Buhari May Not Appoint Ministers “In The Next Two Months” For This Three Reasons
Nigerians who have been waiting anxiously for President Muhammadu Buhari to unveil his list of cabinet members may need to wait a little more as there are indications that the president may not appoint ministers “in the next two months.”
This is despite criticism from various quarters that the president has been very slow in making key appointments amidst high hopes and expectations from his government.
According t The Nation, three reasons may account for the delay in the president’s appointment of ministers.
The reported noted the three reasons to be:
- the President’s plan to clear the “rot” inherited from the Goodluck Jonathan administration;
- the crisis in the National Assembly over the choice of principal officers; and
- the need to reduce ministries and parastatals.
But the reduction or merger of ministries or parastatals will, however, not lead to retrenchment of workers.
A Presidency source, who had a confidential briefing with some journalists in Abuja, said the mess Buhari inherited was “sickening”.
The source said: “You cannot even begin to imagine the situation we have met on the ground.
”Almost everything is in a state of decay. There is absolutely no way the new government can hope to achieve anything long-lasting without first building a new foundation.”
The source said President Buhari’s plan of action could be compared to that of “a doctor who first has to break a poorly set bone afresh, before resetting it to allow for smooth and proper growth”.
On the National Assembly crisis, the source said it was “yet one more excuse why forming a cabinet will be impossible until further notice”.
He added: “Look at how they are fighting among themselves.
“The Senate has now adjourned till July 21. That means no one to scrutinize or approve any ministerial list until the end of July.”
When told that the National Assembly said it was ready to cut short its break to consider any request from the President, the source asked the reporters to await the President’s “long-awaited” intervention in the crisis between the party and the National Assembly.
”The President wants to walk his talk on stable politics and being a leader for all. He has a plan for the National Assembly.”

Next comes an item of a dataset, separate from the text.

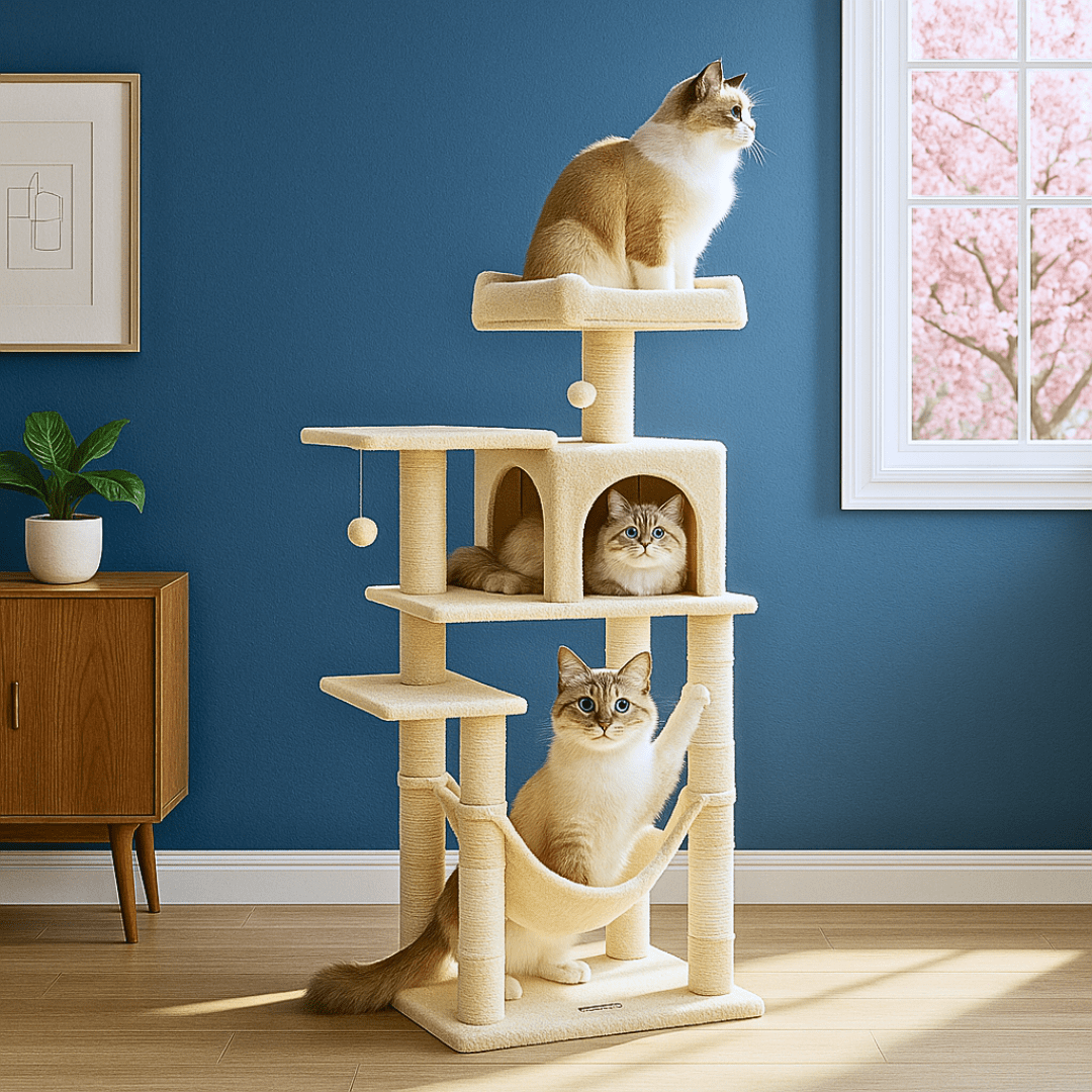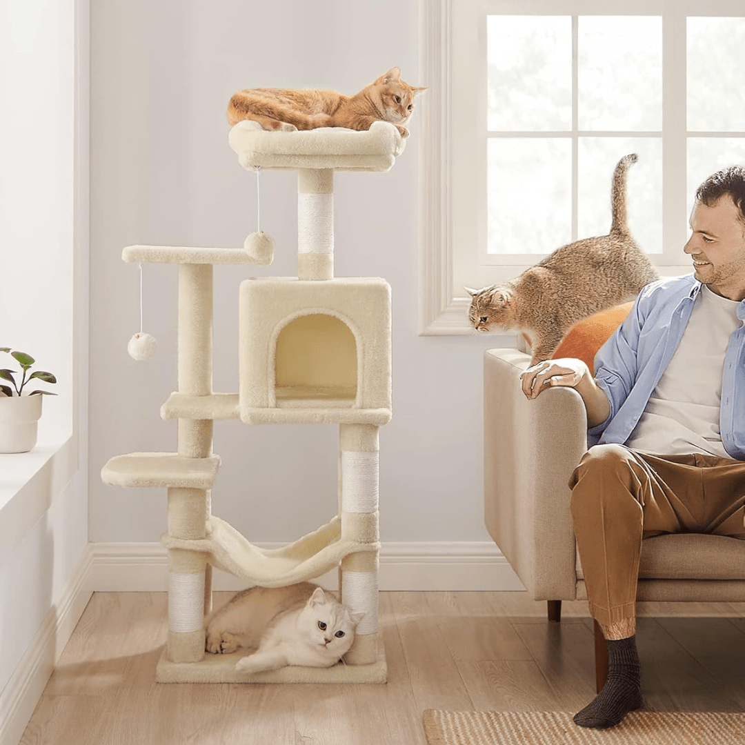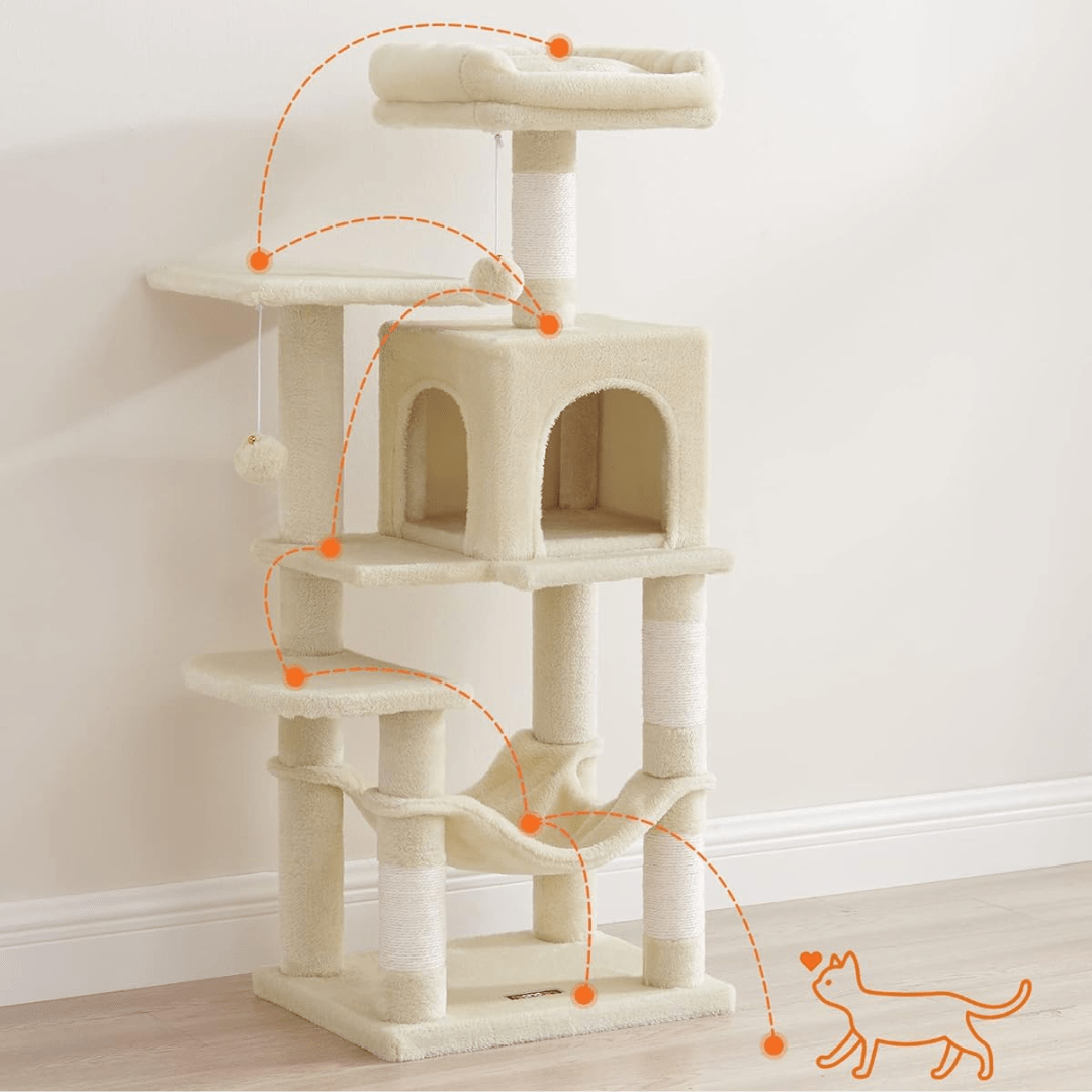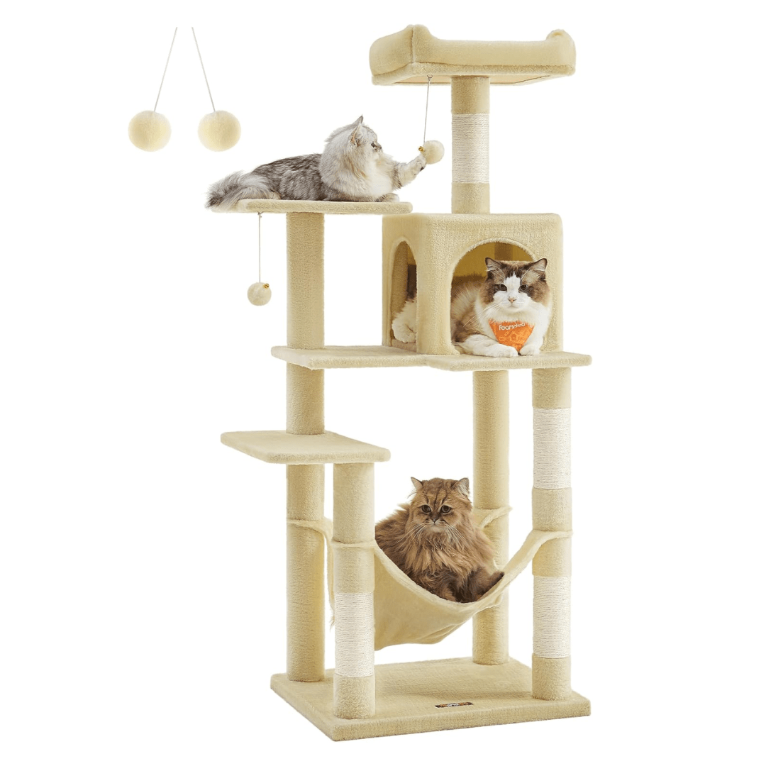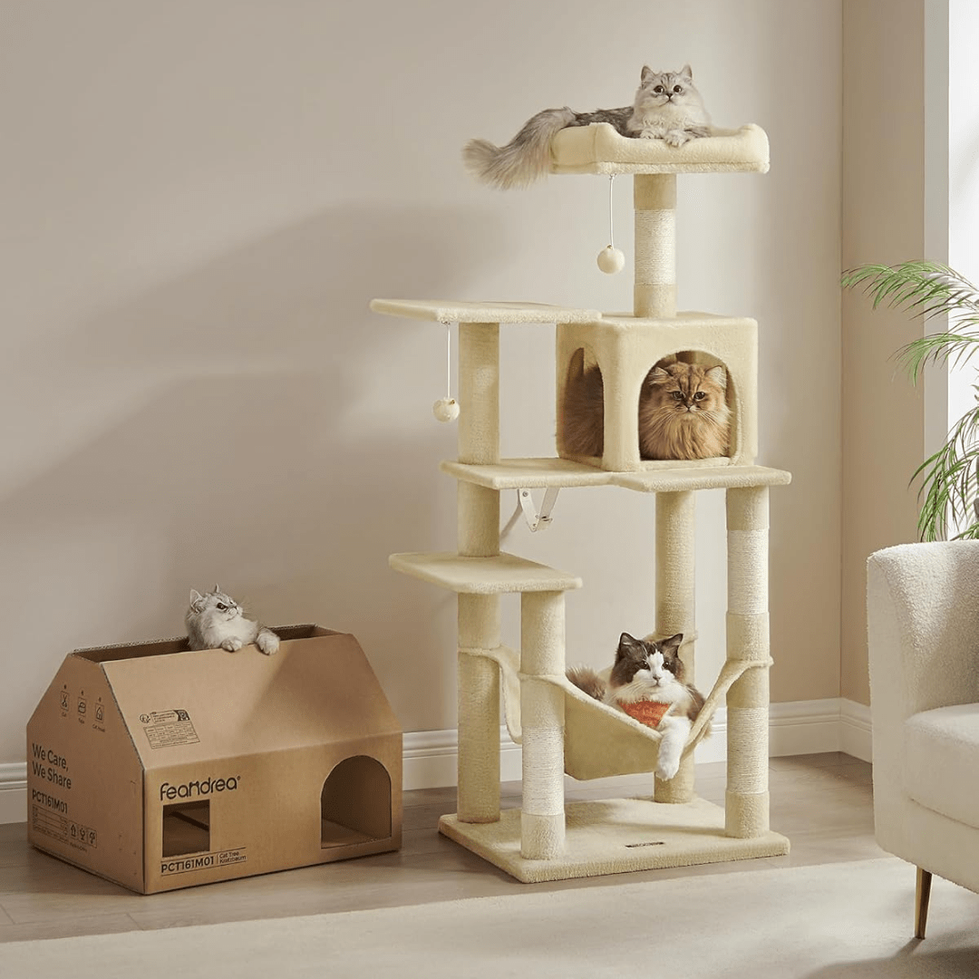 De krabpaal beige is een multifunctioneel kattenmeubel dat voorziet in alle natuurlijke behoeften van uw kat. Dit 143 cm hoge speelparadijs biedt vijf verschillende niveaus met een zachte hangmat, gezellig holletje en meerdere krabpalen bekleed met sisal. Perfect voor binnenkatten die behoefte hebben aan beweging, rust en entertainment. De beige krabpaal combineert functionaliteit met een neutrale kleur die in elk interieur past.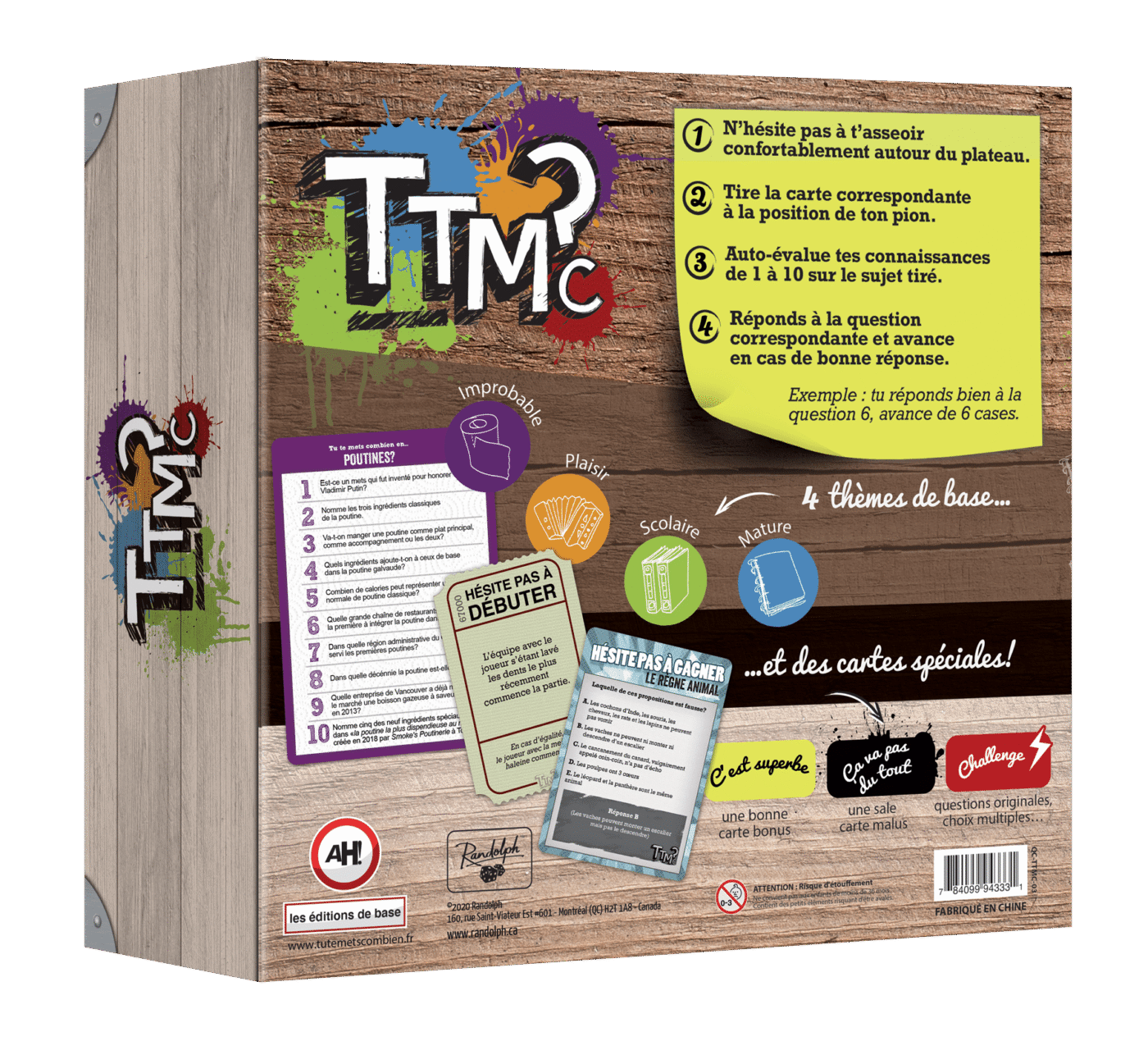TTMC, c’est un jeu questionnaire pas comme les autres : tu t’autoévalues de 1 à 10 selon ton niveau de connaissance sur un thème donné. Plus tu te « mets haut », plus la question est difficile… mais plus tu avances sur le plateau si tu as raison !

He said civil servants had been “supervising the day-to-day running of ministries and that permanent secretaries of the various ministries have access to the President”.
He added: “All these reports and agitations are being fuelled by politicians who want to put pressure on the President.
“They have tried doing it other ways and those haven’t worked. Now, they are trying to use the media. They only want their cronies appointed to ministerial posts anyhow and they are fuelling the agitation through newspapers.”
He advised the media not to fall for the “old tricks and shenanigans” of politicians.
Buhari is set to reduce or merge some ministries and parastatals to make the size of the civil service manageable for efficiency.
The exercise will, however, not lead to retrenchment of workers.
The source added: “The President plans to cut down the number of ministries and parastatals.
“He wants to cut down the cost of running government. He wants to make sure that all the loopholes that enable corruption to thrive are blocked. All these are procedures that require time and careful planning. You cannot do it in a rush.
“Remember that he has to make sure that all this is done without any job losses or mass retrenchments. All this is not a day’s or one-month job.”
He added that President Buhari could not realistically have begun this process without first receiving the full report of the transition committee and ascertaining exactly the situation his government faced.
He said the president was taking his time to study the Ahmed Joda Transition Committee and Steve Oronsaye reports in order to harmonise their recommendations with the aim of restructuring the public sector that is free of waste, corruption and inefficiencies.
“You would recall that Joda had recommended the consolidation of ministries to 19 to create a leaner structure in government. This is not far removed from the Oronsaye report of 2012, which also recommended the consolidation of parastatals and agencies of the federal government.
“So what the president wants to do is to put a structure in place that cuts waste, reduces or eliminates corruption and introduces efficiency in the system,” he volunteered.
The source said Buhari was very particular about introducing a system that is free of the decay of past administrations.
He also dispelled concerns that the business of governance had ground to a halt due to the absence of ministers to provide direction, stating that the “business of governance is ongoing because the president is meeting with permanent secretaries of the ministries and heads of parastatals and getting things done through them”.
The source explained that the first phase of the agenda is to reform and restructure the public sector, “following which the appointment of ministers who will deliver on the president’s campaign promises under a new system and ethos with clear guidelines and processes, will take place”.
The source also revealed that in spite of the delay in the appointment of ministers, Buhari might in the next week or two appoint a few advisers.
“However, he is currently working with a few people on a not formalised basis, as they are the ones assisting him to distill the two reports and will make recommendations on the immediate reforms that can be implemented in the public sector,” he said.